The mitochondrial Trx system mediates Fas-induced denitrosylation of mitochondria-associated SNO–caspase-3 and promotes apoptotic signaling. (A) 10C9 cells were transfected for 3 days with siRNA for TrxR2 or with control RNA before exposure to CH11 monoclonal antibody against Fas (αFas; 50 ng/ml) for 2 hours. The amount of SNO–caspase-3 in a subcellular fraction enriched for mitochondria was evaluated by biotin switch. Results are mean ± SEM of four experiments. *P < 0.05 by analysis of variance (ANOVA). (B) 10C9 cells were left untreated or treated with auranofin for 1 hour, followed by Fas receptor stimulation and evaluation of mitochondrial SNO–caspase-3 as in (A). Results are the mean ± SEM of three experiments. *P < 0.05 by ANOVA. (C) 10C9 cells treated as in (A) were lysed in the presence of bVAD-FMK (10 μM), an affinity ligand for active caspase.
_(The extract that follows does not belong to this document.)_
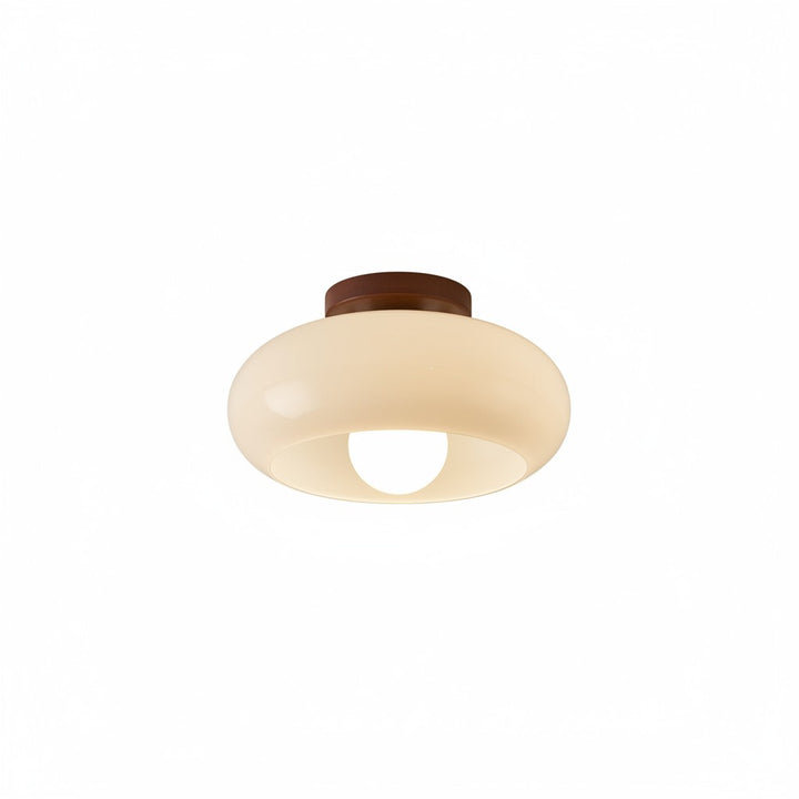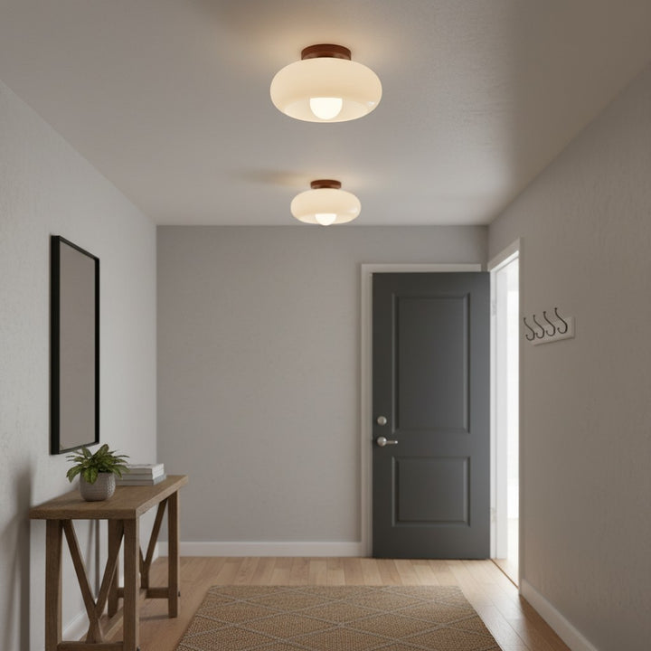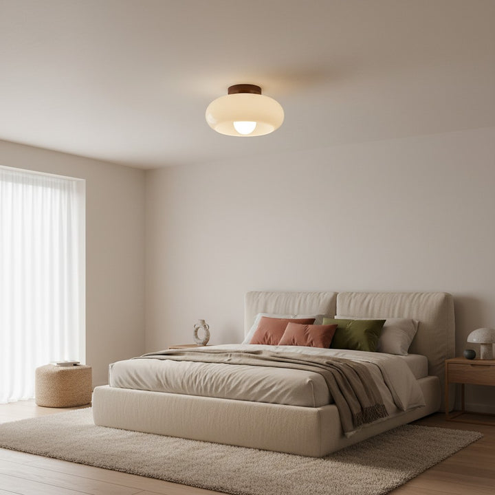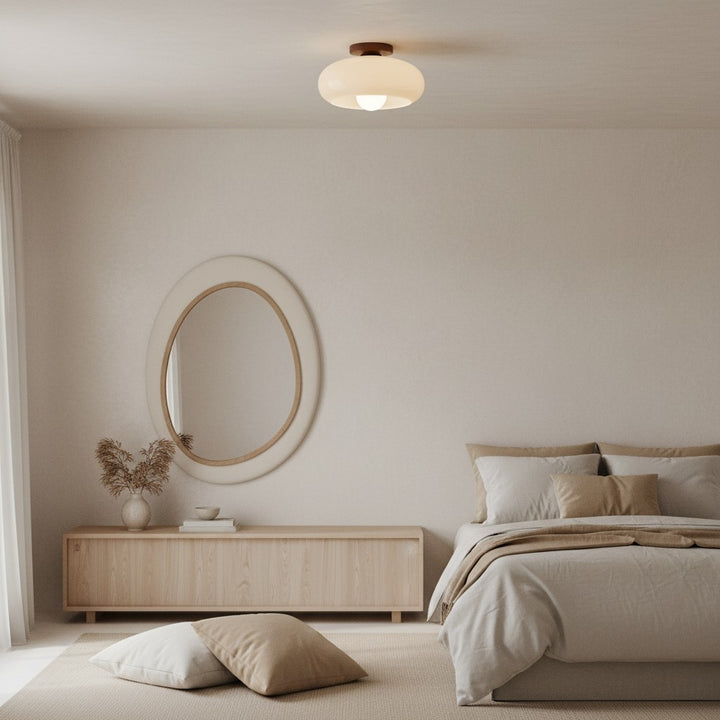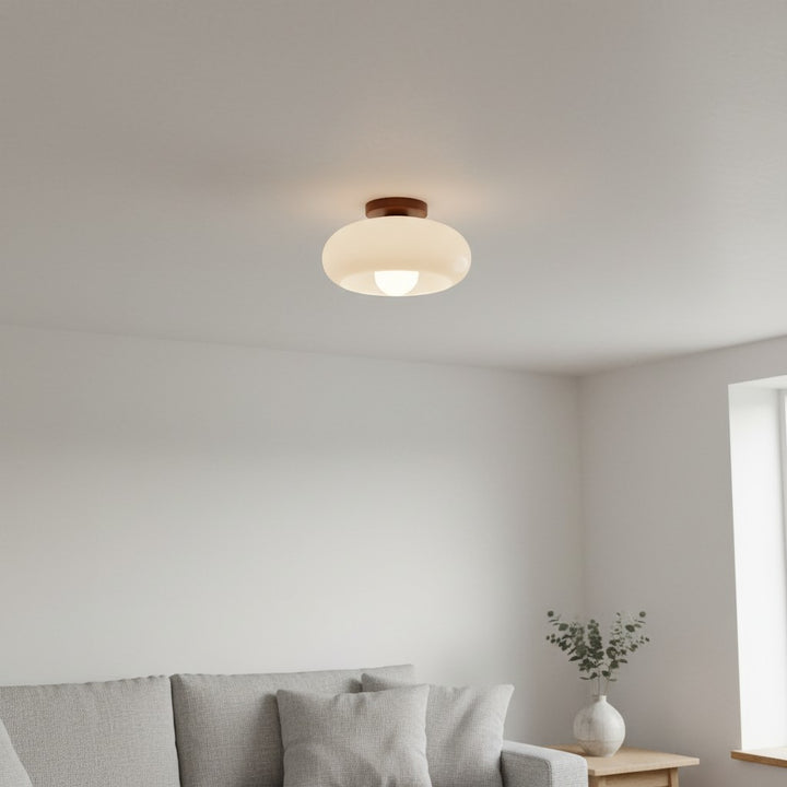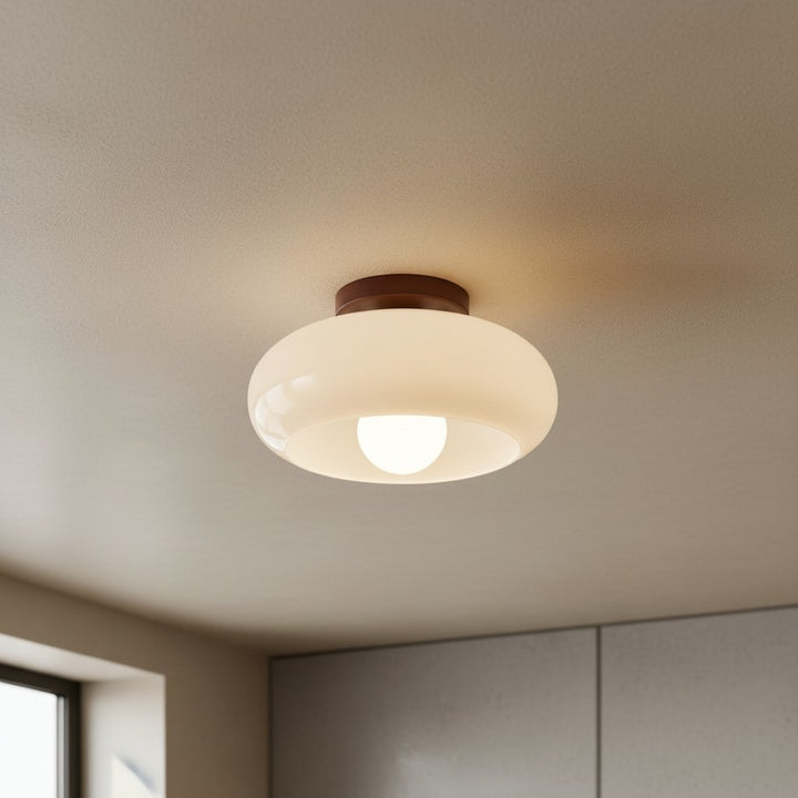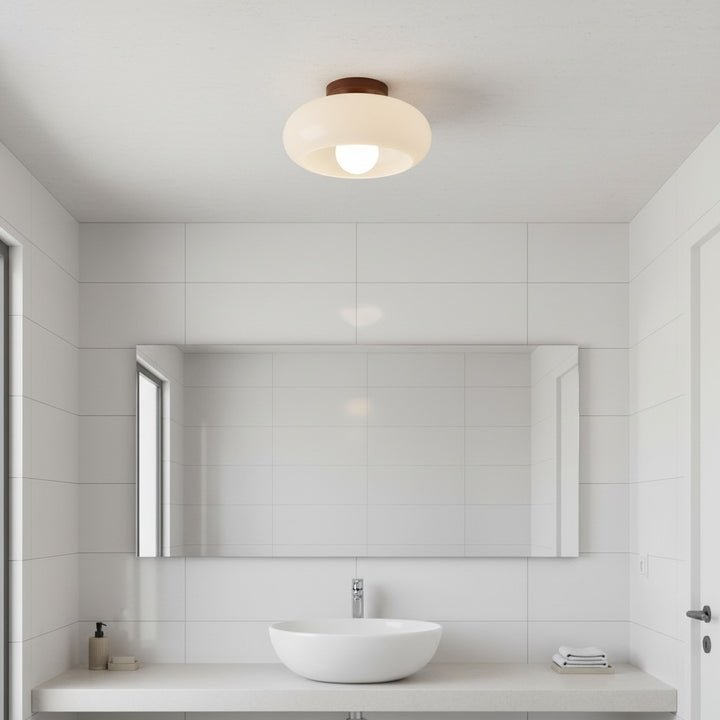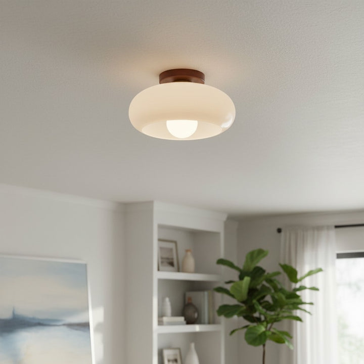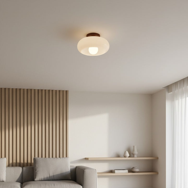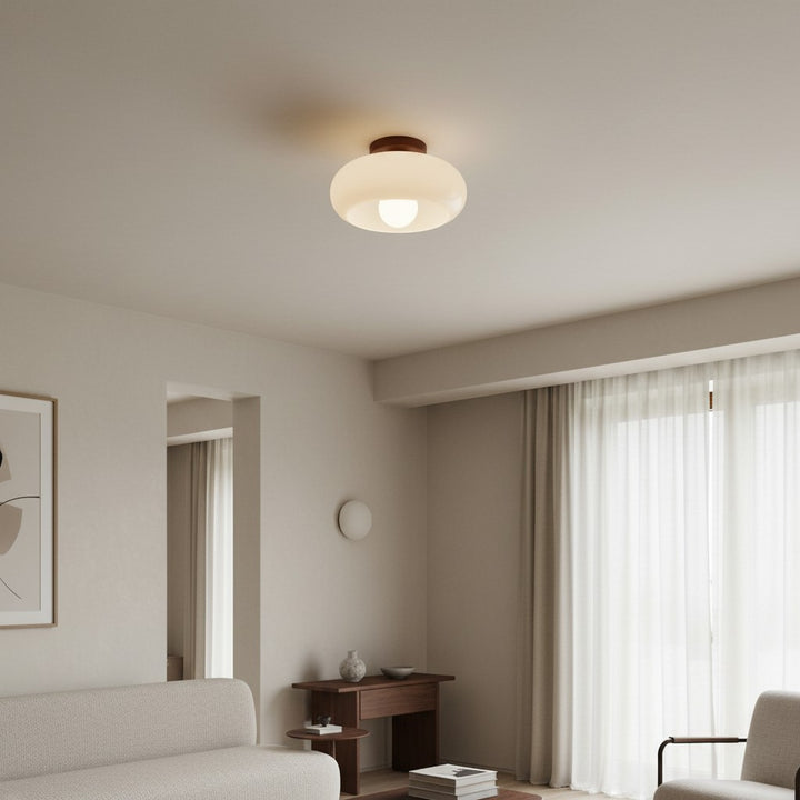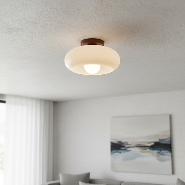Questa lampada da soffitto francese Bauhaus color crema, realizzata con un paralume in vetro, corpo in metallo e base in noce, emana un'eleganza sobria e una luce soffusa, integrandosi facilmente sia negli stili di design d'interni classici che moderni

Cleaved caspase-3 (<20 kD) was assessed by immunoblotting with antibodies against caspase-3 in lysates and after purification of active, bVAD-FMK–bound caspases with streptavidin-agarose (pull-down). Results are representative of three experiments. (D) 10C9 cells were transfected with siRNA specific for TrxR1 or TrxR2 or with control RNA. Cells were left untreated or treated with auranofin (1 μM; 1 hour) followed by treatment with anti-Fas (100 ng/ml; 2 hours). Caspase-3 cleavage and activation were assessed as in (C). Results (Fas-activated samples) are mean ± SEM of three experiments. *P < 0.05, **P < 0.01 by ANOVA. (E and F) 10C9 cells were treated with auranofin or transfected with siRNA specific for TrxR1 or TrxR2 as in (A) to (D). DNA fragmentation was assessed 6 hours after treatment with anti-Fas. Results (Fas-activated samples) are mean ± SEM of four experiments. *P < 0.05 by ANOVA.